WORK ITEM - Give back exactly the lines of the data below, starting with the line that has "河源市人民医院门诊部坐诊医生、专家一览表(2026年4月)" and going on through the line that has "KP klein kaartje".

DATA SHOWN -
+ + + + +
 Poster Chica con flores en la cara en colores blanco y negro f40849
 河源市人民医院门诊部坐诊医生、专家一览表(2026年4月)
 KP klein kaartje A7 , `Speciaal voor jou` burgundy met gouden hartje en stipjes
+ + + + +
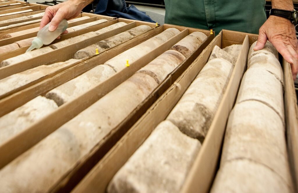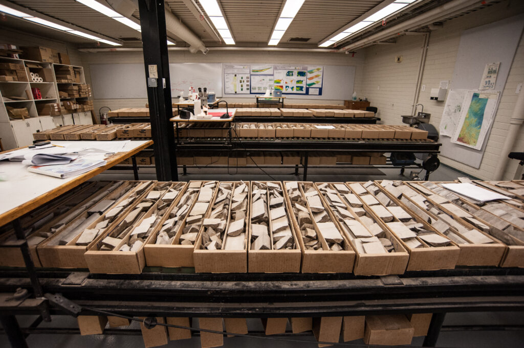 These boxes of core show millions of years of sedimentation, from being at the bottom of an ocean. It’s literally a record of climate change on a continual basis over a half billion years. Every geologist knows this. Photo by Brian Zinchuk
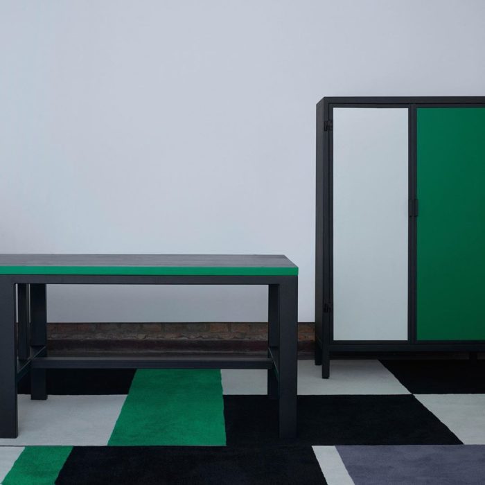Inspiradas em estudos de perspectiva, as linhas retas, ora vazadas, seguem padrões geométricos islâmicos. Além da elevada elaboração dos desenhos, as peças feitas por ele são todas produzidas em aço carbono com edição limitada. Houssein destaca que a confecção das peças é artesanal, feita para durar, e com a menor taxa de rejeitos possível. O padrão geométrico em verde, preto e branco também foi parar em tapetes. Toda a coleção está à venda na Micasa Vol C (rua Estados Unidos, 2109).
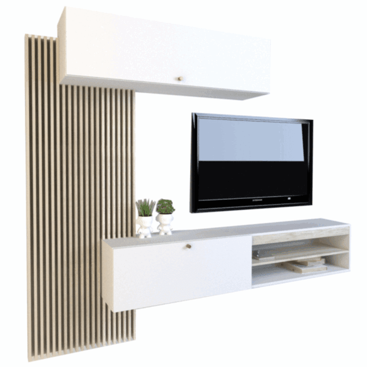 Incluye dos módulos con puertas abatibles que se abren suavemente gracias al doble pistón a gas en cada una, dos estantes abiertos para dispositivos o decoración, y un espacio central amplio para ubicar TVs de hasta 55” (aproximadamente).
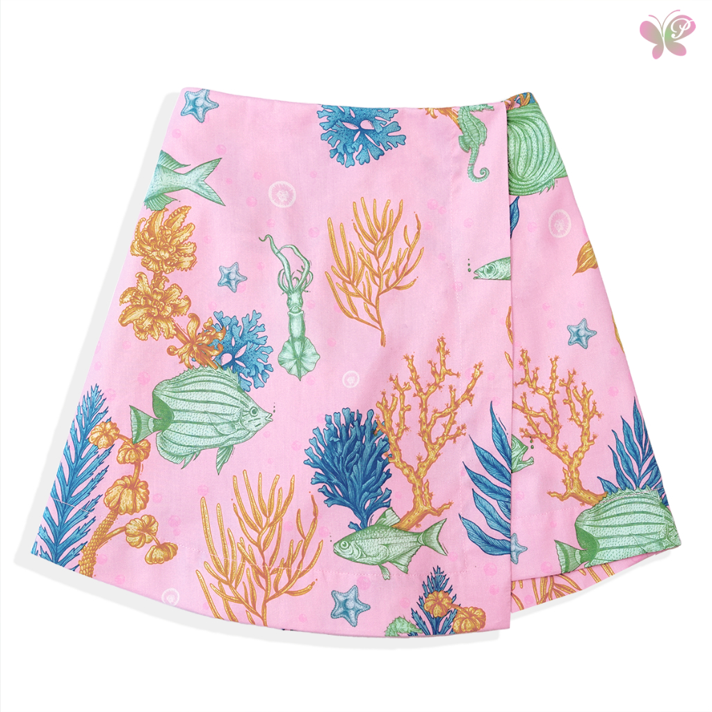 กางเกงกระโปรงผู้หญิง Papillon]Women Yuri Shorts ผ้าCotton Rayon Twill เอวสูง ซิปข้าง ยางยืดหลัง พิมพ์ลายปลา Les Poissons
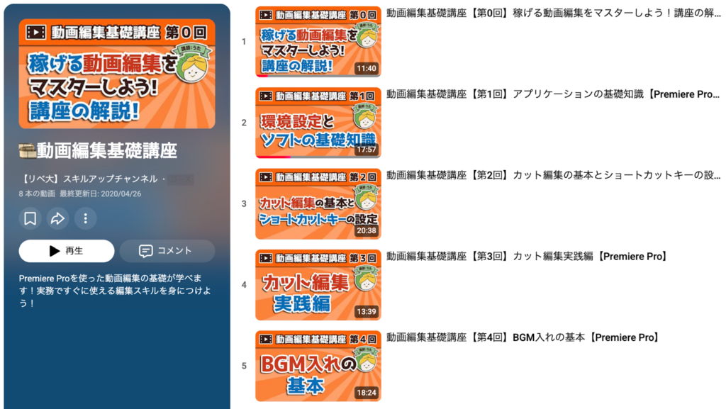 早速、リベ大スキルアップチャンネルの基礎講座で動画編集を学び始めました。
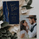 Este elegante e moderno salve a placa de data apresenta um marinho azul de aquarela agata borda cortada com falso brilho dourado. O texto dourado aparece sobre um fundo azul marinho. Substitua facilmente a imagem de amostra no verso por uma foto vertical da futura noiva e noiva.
+ + + + +
RESPONSE TO THIS EXERCISE -
 河源市人民医院门诊部坐诊医生、专家一览表(2026年4月)
 KP klein kaartje A7 , `Speciaal voor jou` burgundy met gouden hartje en stipjes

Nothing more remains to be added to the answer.